8. Encapsulated surge arrester according to claim 3, characterized in that starting from the inner electrode with a coaxial structure of the arrester, a semiconducting or conductive section extends into the preferred rollover path, the section connecting one or more of the deion plates.

9. Encapsulated surge arrester according to claim 1, characterized in that in a cylinder arrangement of the Abieiter the electrodes are formed opposite one another and the series connection runs essentially along the cylinder axis, wherein

Deion plates, concentrically surrounding the series circuit, are arranged between the electrodes, the magnetic field generating means being used to form an impact field.
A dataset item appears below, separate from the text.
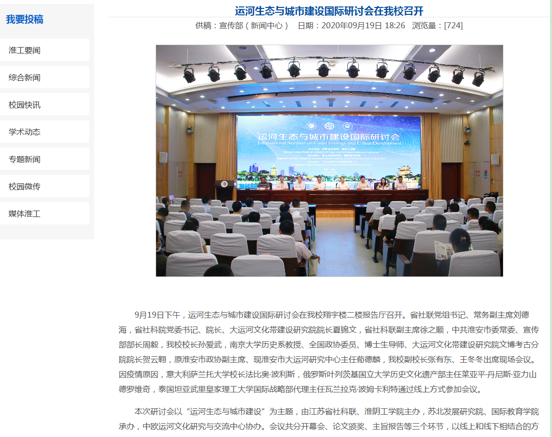 运河生态与城市建设国际研讨会,孙爱武以《扎根淮安办大学 服务地方谋发展》为题作主题报告,2020年9月19日。

10. Encapsulated surge arrester according to claim 3, characterized in that

Deion plates are arranged spaced apart for series connection, the arc moving under the influence of a magnetic field along the electrodes into the chamber-like sections formed by the deion plates.

11. Encapsulated surge arrester according to one of the preceding claims, characterized in that the isolating material is a polymer such as POM or PTFE or consists of ceramic or glass ceramic.

12. Encapsulated surge arrester according to one of the preceding claims, characterized in that the conductive or semiconducting high-resistance material of the series circuit made of a conductive polymer with metal or graphite fibers and carbon black or graphite particles, an electrically conductive or semiconducting ceramic based on silicon carbide, an electrically conductive or semiconducting glass or based on ZnO or copper oxides.

13. Encapsulated surge arrester according to one of the preceding claims, characterized in that an additional trigger electrode is arranged in the region of the series connection.